/---

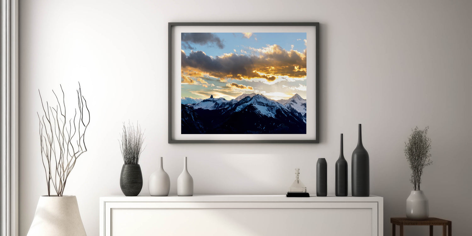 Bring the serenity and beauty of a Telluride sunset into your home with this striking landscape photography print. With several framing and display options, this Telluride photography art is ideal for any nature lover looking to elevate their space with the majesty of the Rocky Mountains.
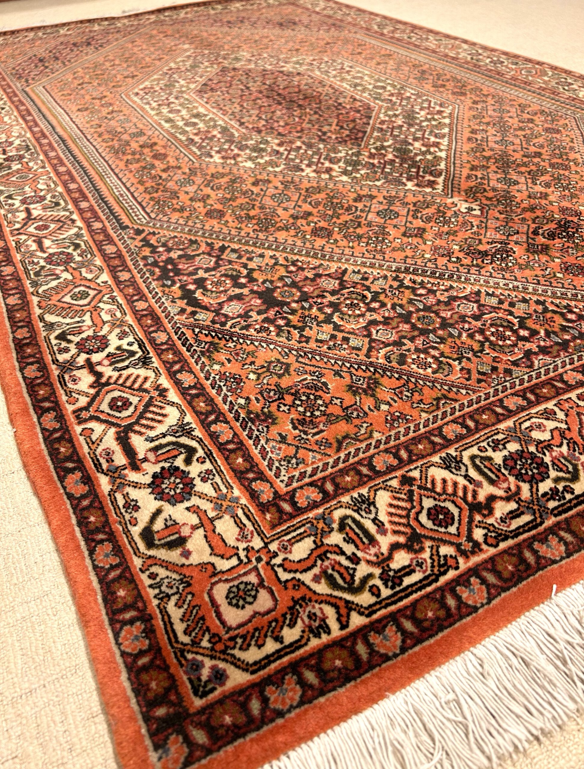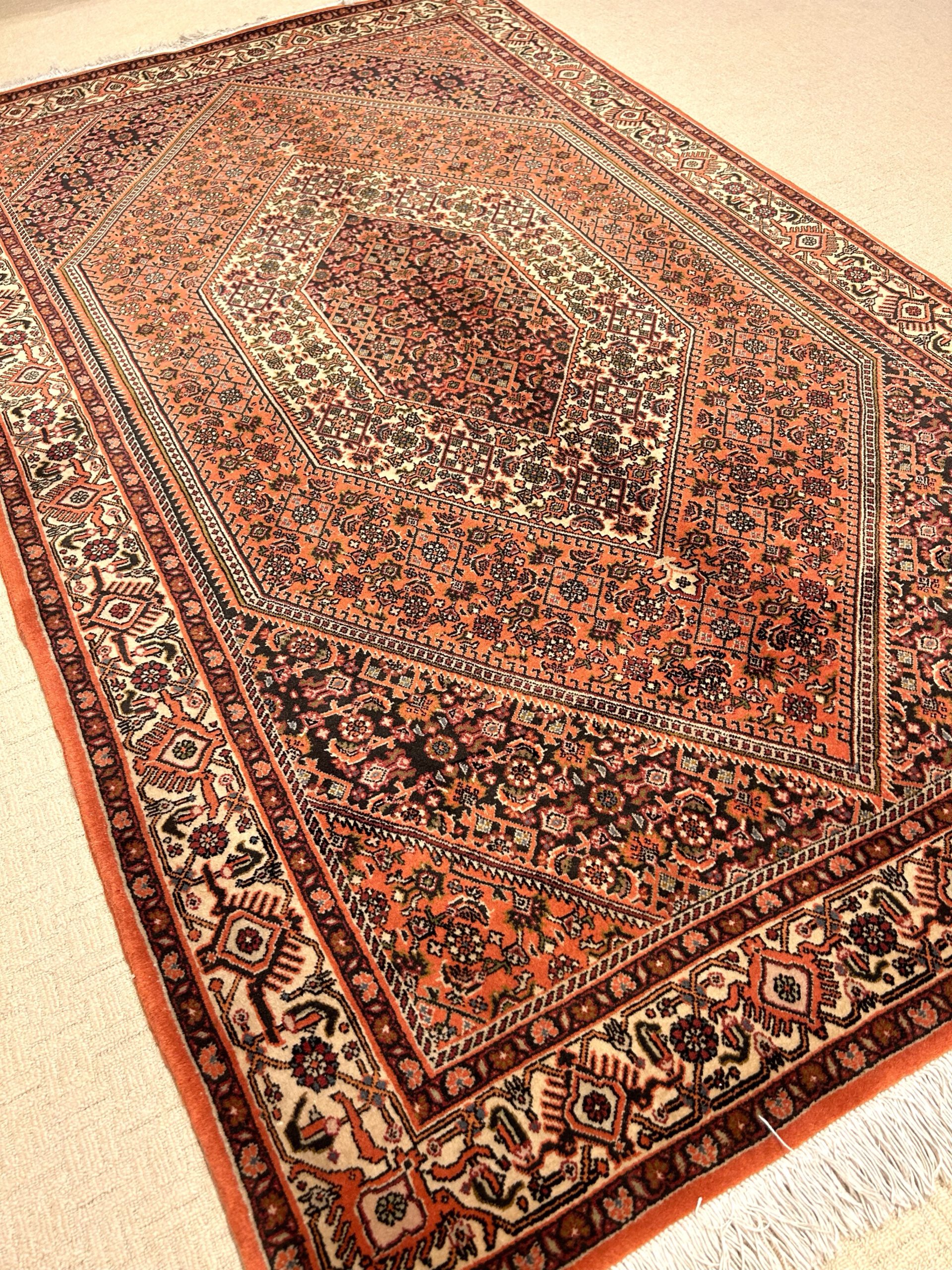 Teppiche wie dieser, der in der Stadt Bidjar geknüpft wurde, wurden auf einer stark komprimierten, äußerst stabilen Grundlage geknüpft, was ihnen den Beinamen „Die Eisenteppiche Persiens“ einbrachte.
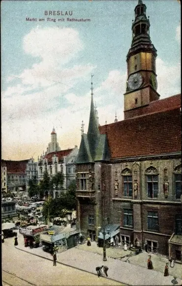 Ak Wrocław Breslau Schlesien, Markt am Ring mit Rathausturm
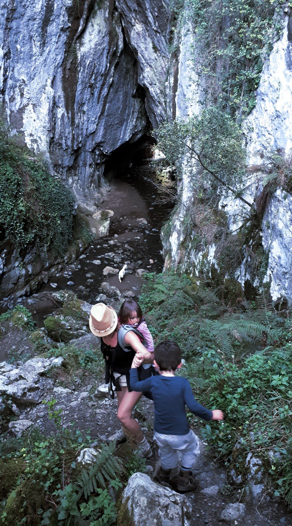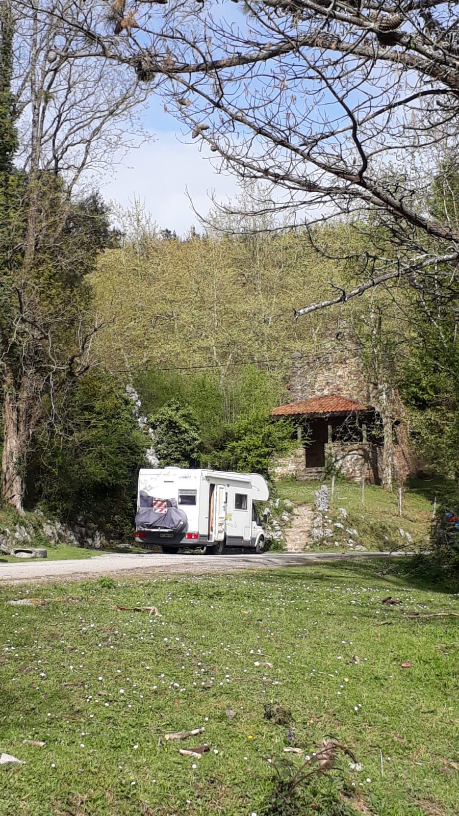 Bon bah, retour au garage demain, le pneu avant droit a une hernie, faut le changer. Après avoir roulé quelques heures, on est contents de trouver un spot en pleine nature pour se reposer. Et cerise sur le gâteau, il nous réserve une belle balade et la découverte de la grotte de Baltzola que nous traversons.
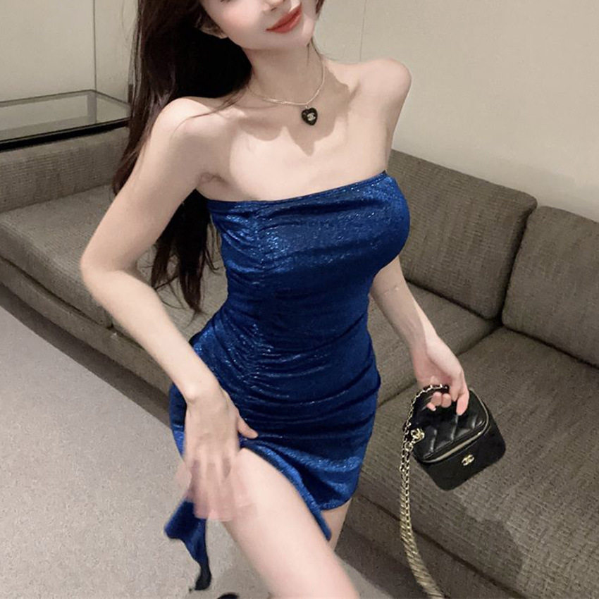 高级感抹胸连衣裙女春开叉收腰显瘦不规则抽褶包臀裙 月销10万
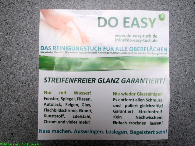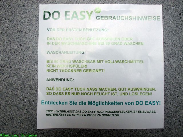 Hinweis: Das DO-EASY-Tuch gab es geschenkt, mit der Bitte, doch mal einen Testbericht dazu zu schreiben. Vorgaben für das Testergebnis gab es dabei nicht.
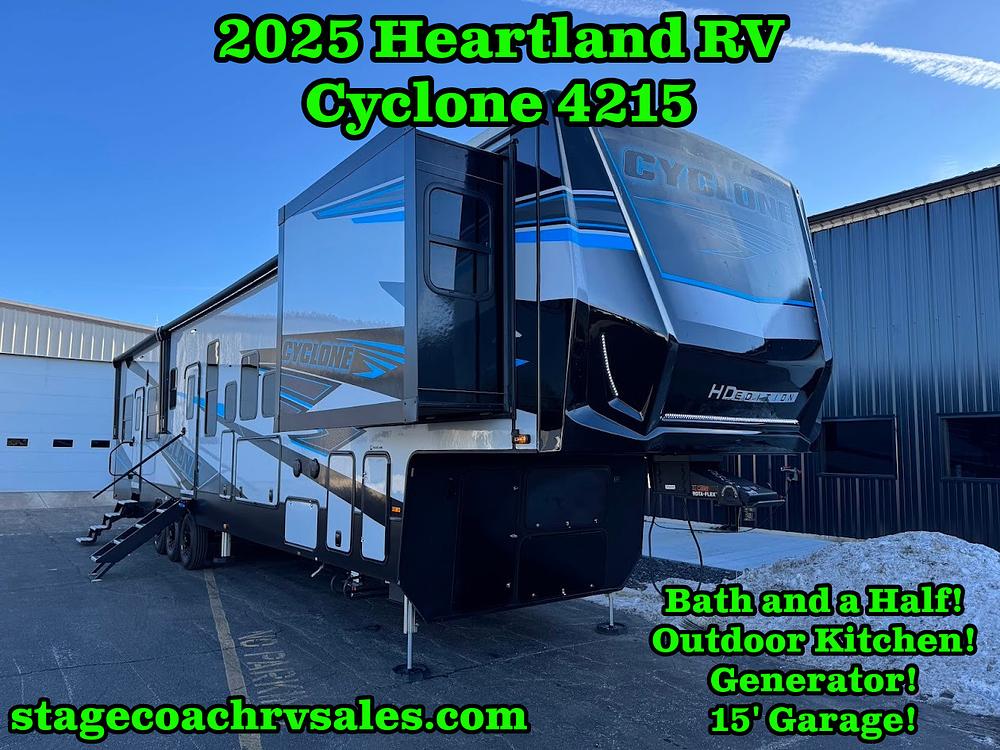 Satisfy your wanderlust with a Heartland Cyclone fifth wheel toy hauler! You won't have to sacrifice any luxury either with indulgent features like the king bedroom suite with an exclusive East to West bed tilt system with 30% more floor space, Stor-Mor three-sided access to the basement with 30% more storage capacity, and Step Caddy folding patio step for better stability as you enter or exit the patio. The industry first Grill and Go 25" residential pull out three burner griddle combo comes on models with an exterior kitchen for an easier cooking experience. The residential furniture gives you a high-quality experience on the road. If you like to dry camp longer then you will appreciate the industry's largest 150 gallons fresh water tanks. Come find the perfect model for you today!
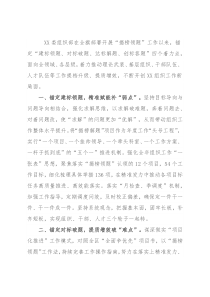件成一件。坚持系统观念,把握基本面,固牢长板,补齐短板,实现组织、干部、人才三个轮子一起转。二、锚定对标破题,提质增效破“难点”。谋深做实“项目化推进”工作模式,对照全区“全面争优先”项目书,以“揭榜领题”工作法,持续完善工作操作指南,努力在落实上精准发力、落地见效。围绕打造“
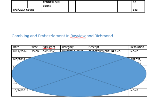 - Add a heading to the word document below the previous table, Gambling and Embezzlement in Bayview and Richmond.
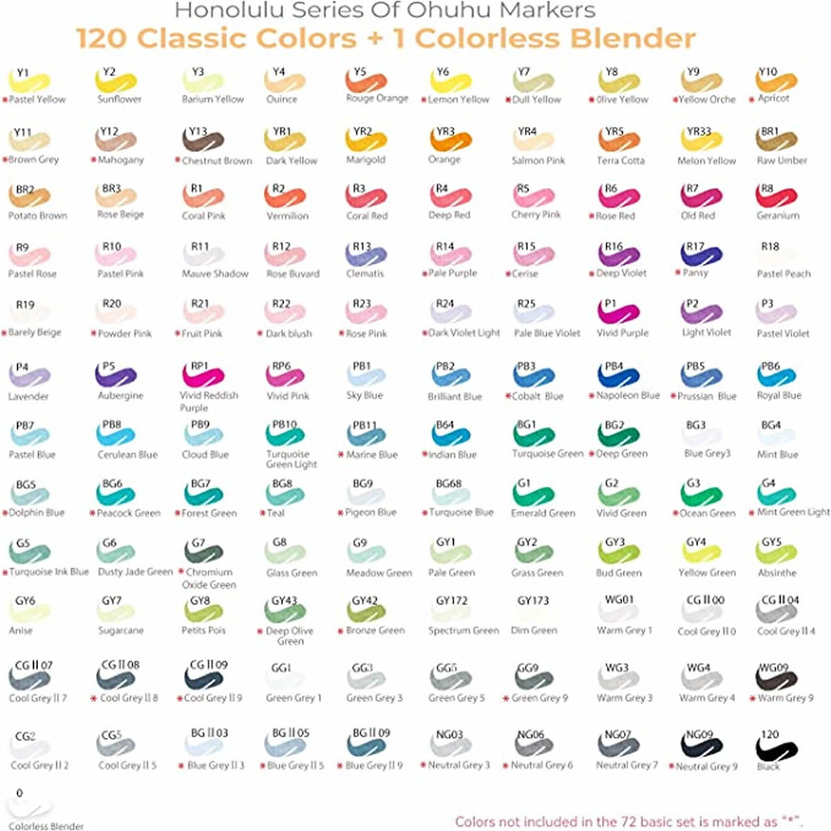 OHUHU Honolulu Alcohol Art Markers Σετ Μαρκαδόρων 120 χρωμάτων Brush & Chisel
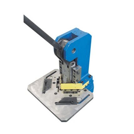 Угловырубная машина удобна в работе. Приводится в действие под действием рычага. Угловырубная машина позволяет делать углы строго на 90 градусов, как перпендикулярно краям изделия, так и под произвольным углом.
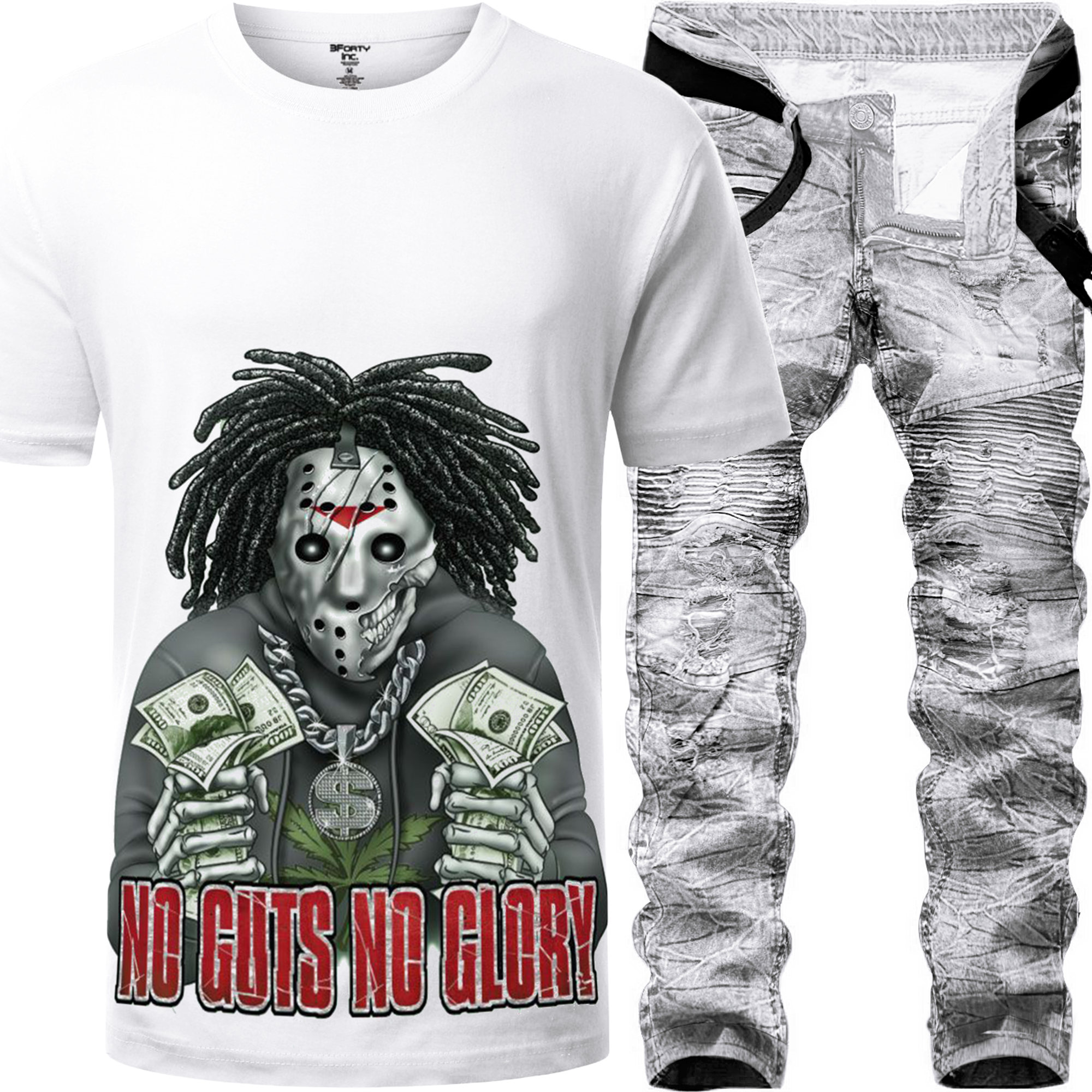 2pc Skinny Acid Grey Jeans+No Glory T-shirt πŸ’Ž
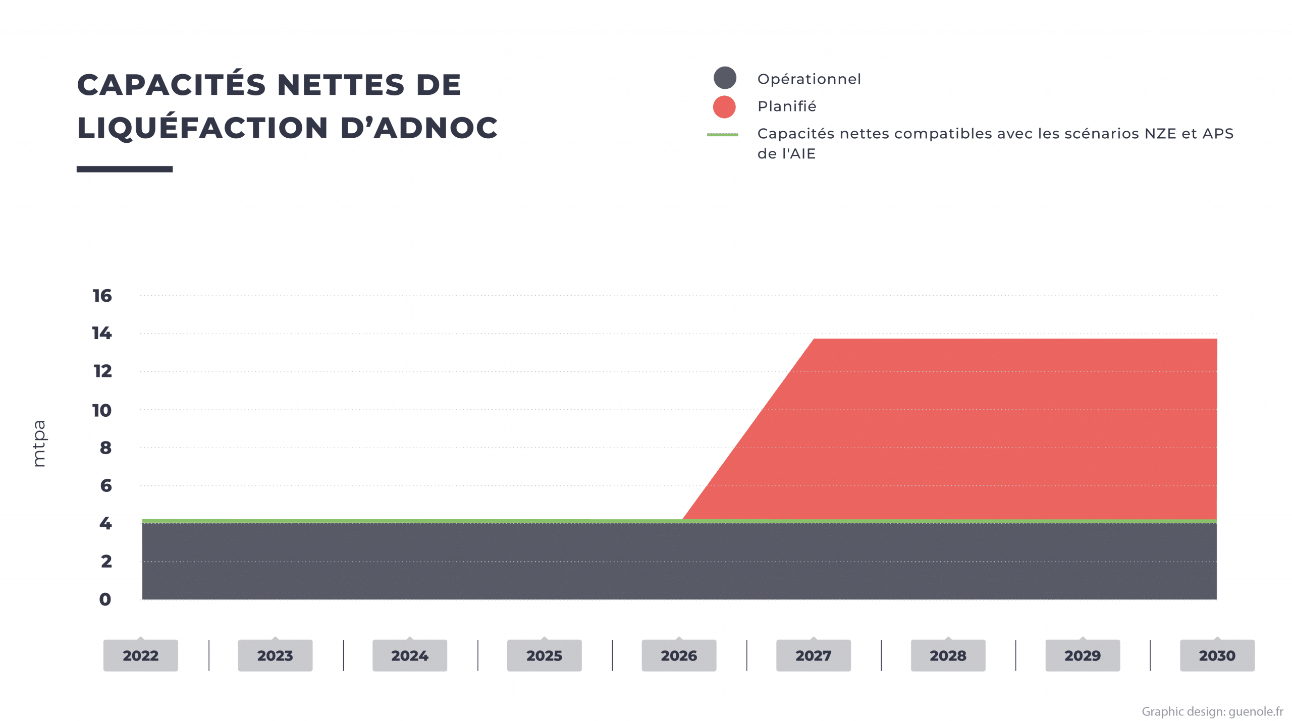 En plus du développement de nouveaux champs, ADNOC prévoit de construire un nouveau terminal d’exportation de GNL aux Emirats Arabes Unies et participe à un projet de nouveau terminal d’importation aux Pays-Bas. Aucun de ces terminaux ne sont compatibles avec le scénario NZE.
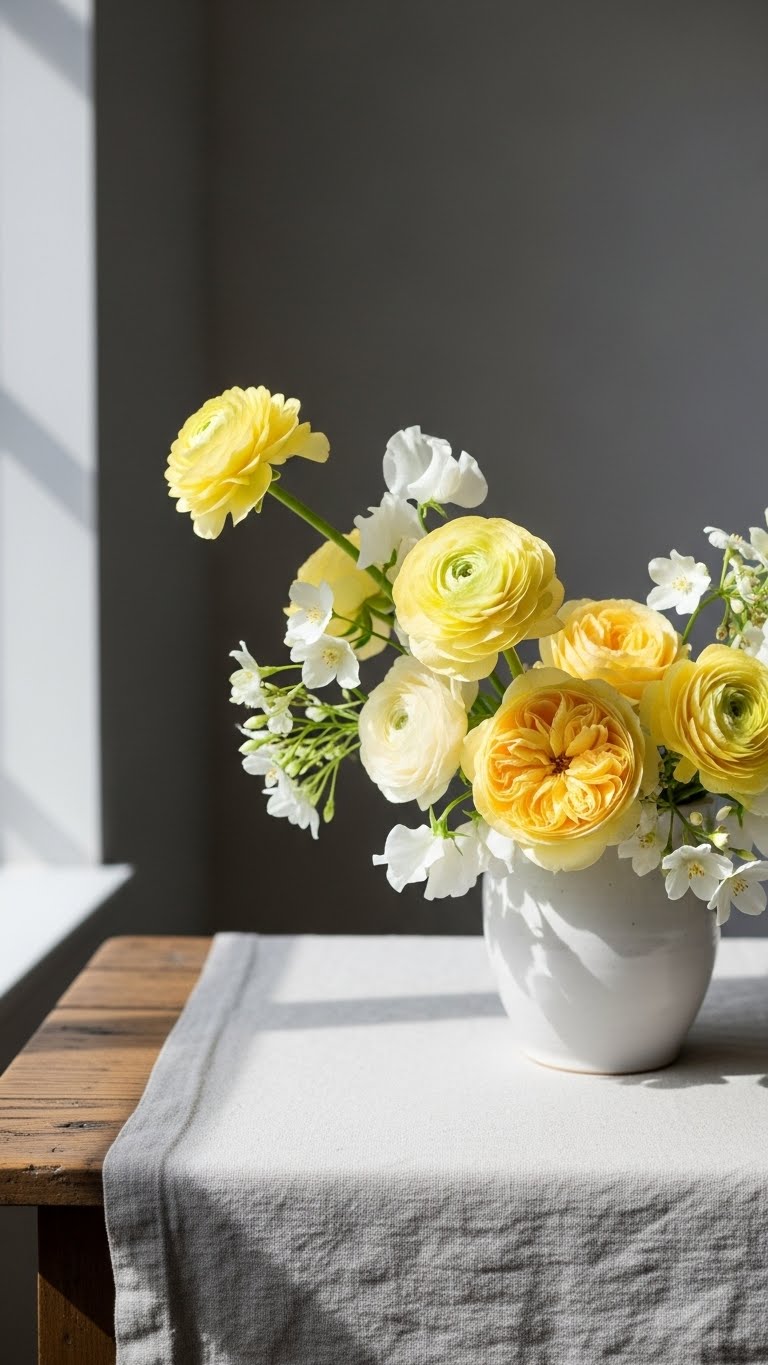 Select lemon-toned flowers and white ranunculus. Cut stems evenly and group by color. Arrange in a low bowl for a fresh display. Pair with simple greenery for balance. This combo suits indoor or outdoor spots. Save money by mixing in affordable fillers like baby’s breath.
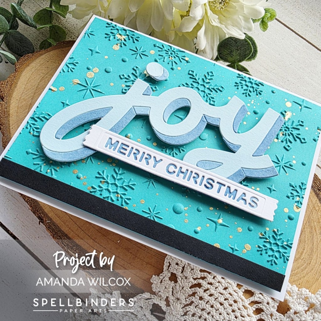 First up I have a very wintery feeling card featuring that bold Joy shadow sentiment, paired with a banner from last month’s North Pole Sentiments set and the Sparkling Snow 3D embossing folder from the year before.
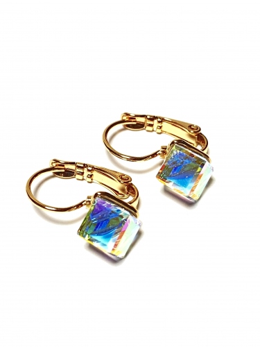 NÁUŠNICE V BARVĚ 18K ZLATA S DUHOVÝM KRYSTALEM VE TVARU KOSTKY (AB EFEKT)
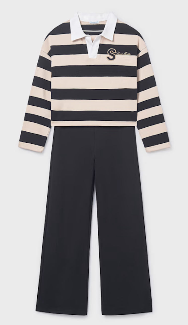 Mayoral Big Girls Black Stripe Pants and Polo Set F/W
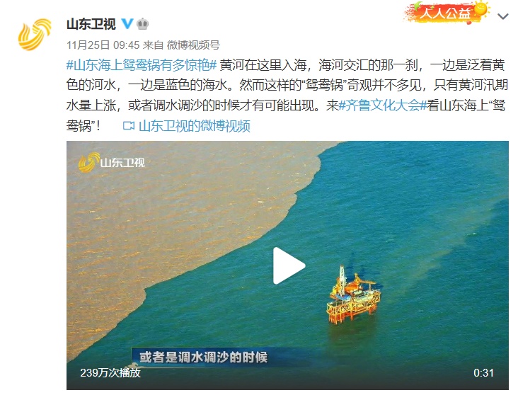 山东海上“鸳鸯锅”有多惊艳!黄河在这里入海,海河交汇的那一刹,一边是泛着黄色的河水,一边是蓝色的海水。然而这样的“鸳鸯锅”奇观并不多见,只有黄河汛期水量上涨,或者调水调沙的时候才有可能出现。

\---

[PROBLEM DESCRIPTION] Write out word for word every line from the line with "En plus du développement" through the final line of the records, both included, skipping the pictures.

[REPLY TO THE EXERCISE]
 En plus du développement de nouveaux champs, ADNOC prévoit de construire un nouveau terminal d’exportation de GNL aux Emirats Arabes Unies et participe à un projet de nouveau terminal d’importation aux Pays-Bas. Aucun de ces terminaux ne sont compatibles avec le scénario NZE.
 Select lemon-toned flowers and white ranunculus. Cut stems evenly and group by color. Arrange in a low bowl for a fresh display. Pair with simple greenery for balance. This combo suits indoor or outdoor spots. Save money by mixing in affordable fillers like baby’s breath.
 First up I have a very wintery feeling card featuring that bold Joy shadow sentiment, paired with a banner from last month’s North Pole Sentiments set and the Sparkling Snow 3D embossing folder from the year before.
 NÁUŠNICE V BARVĚ 18K ZLATA S DUHOVÝM KRYSTALEM VE TVARU KOSTKY (AB EFEKT)
 Mayoral Big Girls Black Stripe Pants and Polo Set F/W
 山东海上“鸳鸯锅”有多惊艳!黄河在这里入海,海河交汇的那一刹,一边是泛着黄色的河水,一边是蓝色的海水。然而这样的“鸳鸯锅”奇观并不多见,只有黄河汛期水量上涨,或者调水调沙的时候才有可能出现。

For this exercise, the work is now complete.